M5S, a Catania pienone per i grillini pop star

Giancarlo Cancelleri e Alessandro Di Battista scaldano la piazza e riscuotono applausi

M5S

CATANIA – Piazza Teatro Massimo è stracolma e la diretta Facebook, condivisa da un migliaio di persone, “allarga” il pubblico. Il M5S dimesso della conferenza stampa #Biancodimettiti lascia il posto agli one man show.
Alessandro Di Battista e Giancarlo Cancelleri in particolare. Giubbino di pelle l’uno, giacca scura e camicia l’altro. In comune la verve da motivatori di folle e la comicità ereditata da Grillo.

A precederli gli interventi di Angela Foti, Nunzia Catalfo, Giulia Grillo e Francesco Cappello. Mario Giarrusso coordina i movimenti sul palco, ma le vere pop star sono loro: Gianca e il Dibba.

Cancelleri scalda il pubblico: Giarrusso lo presenta come il prossimo presidente della Regione, mentre Di Battista immortala il bagno di folla col suo cellulare. “Catania adesso. Non so se mi spiego”, scrive a commento sulla sua pagina Facebook.

“Siamo come la Nutella”, esordisce Cancelleri. “Siamo come la Nutella a confronto con quel surrogato, il CreamCiock: nessuno sceglie il surrogato, la Nutella e la Nutella!
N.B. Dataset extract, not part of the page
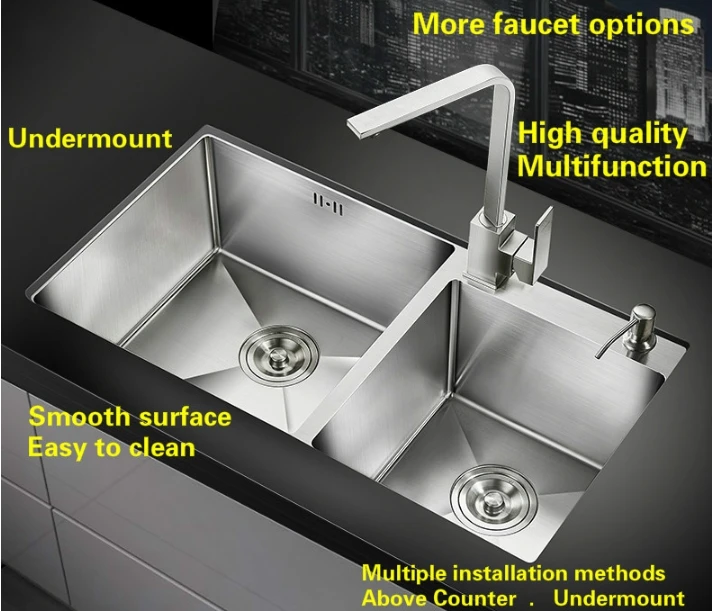 Product Name: Free Shipping Kitchen Sink Durable 304 Stainless Steel 3 Mm Hand Made Double Groove Hot Sell 75x41 CM

Hanno criticato le nostra piattaforma on line e adesso si stanno creando le loro”.

È la chiusura dell’Iday, il mese di gazebo per raccogliere idee e suggerimenti per scrivere il programma elettorale da presentare per le prossime elezioni regionali. “Ma non è un chiusura, è un inizio”, aveva detto poco prima Angela Foti.

“Sono arrivate oltre 10.000 proposte” spiega Cancelleri. “Non idee, ma vere e proprie proposte di legge per riscrivere il futuro di questa regione: riforma energetica, piano rifiuti, abolizione dei vitalizi. Il programma c’è. Da qui a ottobre dobbiamo incontrare quanta più gente possibile e convincerli a tornare a votare e a votare M5S. Dobbiamo arrivare al palazzo dell’Ars in maggioranza: ogni voto sarà un martello con il quale li inchioderemo”.

Sono forti del consenso del pubblico e della cronaca: “I mafiosi dicono che i M5S è inavvicinabile”, prosegue Cancelleri. “La mafia ha tolte le grinfie dagli appalti col Comune a Bagheria perché Cinque non scende a patti con la mafia“.

È il turno di Alessandro Di Battista: gli regalano un panaro fatto a mano e una marmellata di fichi. A donarli due signori avanti con l’età, giù dal palco. “Ti voghiu beni come a mme figghiu” gli dice l’anziano muratore, battendosi il petto pieno d’orgoglio per quel ragazzo in jeans  che ha attraversato l’Italia in motorino e che adesso parla alla città.

“Temono le piazze piene anche non in campagna elettorale” esordisce il Dibba. “Ignoriamoli. Si stanno facendo una guerra fra di loro. Dobbiamo entrare nell’ottica che partecipare alla vita politica è un dovere e candidarsi è un dovere non solo un diritto“.

“Faremo errori: i primi mesi al governo saranno difficili, come lo sono stati i primi in parlamento. Ma per noi la politica non è una professione, finito il nostro mandato noi torneremo al nostro lavoro, al mondo reale che esiste fuori da Montecitorio”.

“Invece chi pensa che la politica sia una professione, scende a compromessi per mantenere quello che reputa un posto di lavoro. Noi dobbiamo rispondere a voi che ci avete votato e al programma che abbiamo presentato”.

Loro invece hanno le mani legate da chi gli ha finanziato la campagna elettorale. Devono rispondere ai finanziatori, non ai cittadini”.

Dopo verrebbero altri interventi. È lo stile del Movimento: tutti uguali, tutti cittadini. Ma lo show è finito e in tanti corrono ad incontrare Alessandro Di Battista che da sopra il palco fa cenno di aspettare e di far silenzio per continuare ad ascoltare chi ha l’arduo compito di parlare dopo di lui.